* **WHAT TO DO**:
Give the listing again word for word, excluding the pictures it contains.

━━━ DATA EXTRACT ━━━

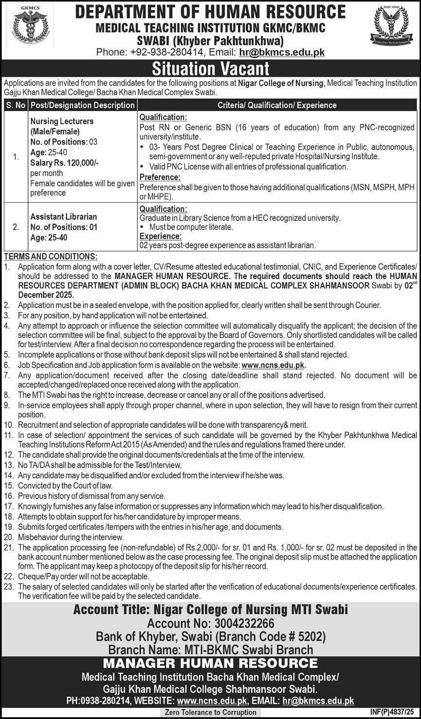 - Application form along with a cover letter, CV/Resume attested educational testimonial, CNIC, and Experience Certificates/ should be addressed to the MANAGER HUMAN RESOURCE. The required documents should reach the HUMAN RESOURCES DEPARTMENT (ADMIN BLOCK) BACHA KHAN MEDICAL COMPLEX SHAHMANSOOR Swabi by 02nd December 2025.
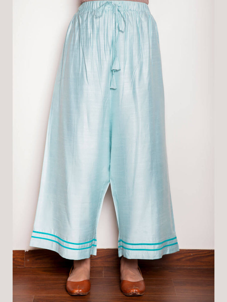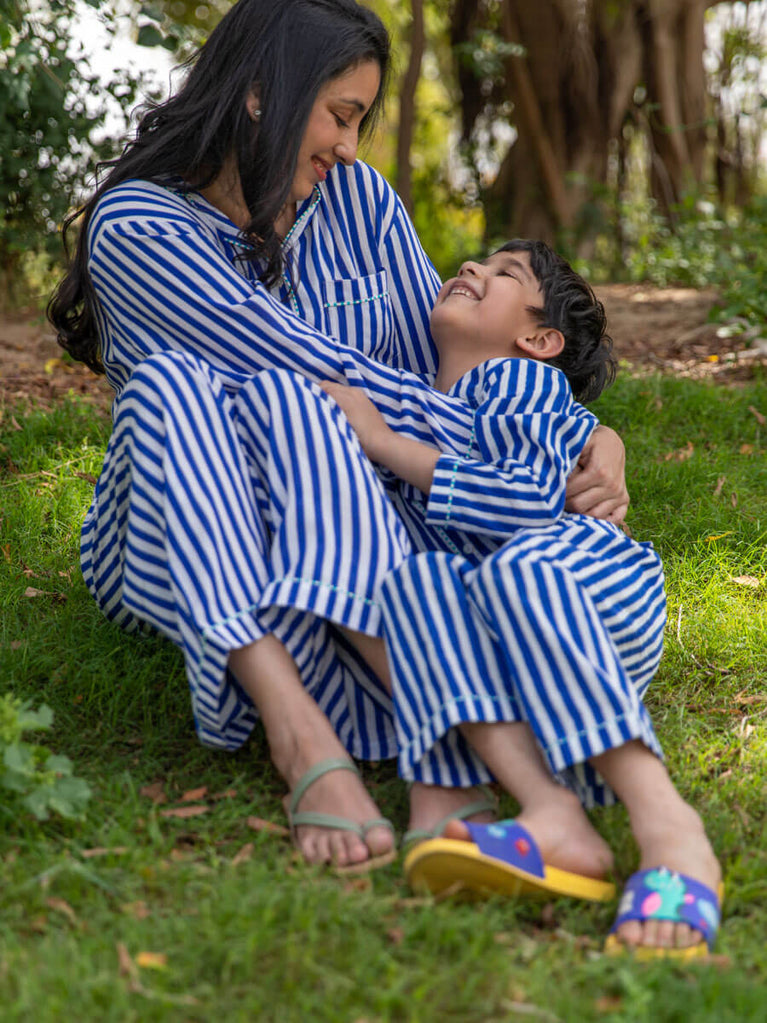 Blue Stripes Block Printed Cotton Top & Pyjama Set
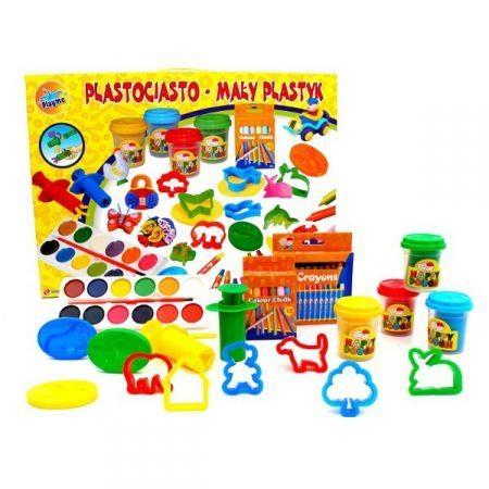 1 wyciskarka, 2 wałki, 2 linijki z otworami o różnych kształtach, 1 szpatułka, 1 forma, 1 mata, 1 pojemnik z plastociastem z brokatem, 4 pojemniki z plastociastem

━━━

* **RESPONSE BELOW**:
 - Application form along with a cover letter, CV/Resume attested educational testimonial, CNIC, and Experience Certificates/ should be addressed to the MANAGER HUMAN RESOURCE. The required documents should reach the HUMAN RESOURCES DEPARTMENT (ADMIN BLOCK) BACHA KHAN MEDICAL COMPLEX SHAHMANSOOR Swabi by 02nd December 2025.
 Blue Stripes Block Printed Cotton Top & Pyjama Set
 1 wyciskarka, 2 wałki, 2 linijki z otworami o różnych kształtach, 1 szpatułka, 1 forma, 1 mata, 1 pojemnik z plastociastem z brokatem, 4 pojemniki z plastociastem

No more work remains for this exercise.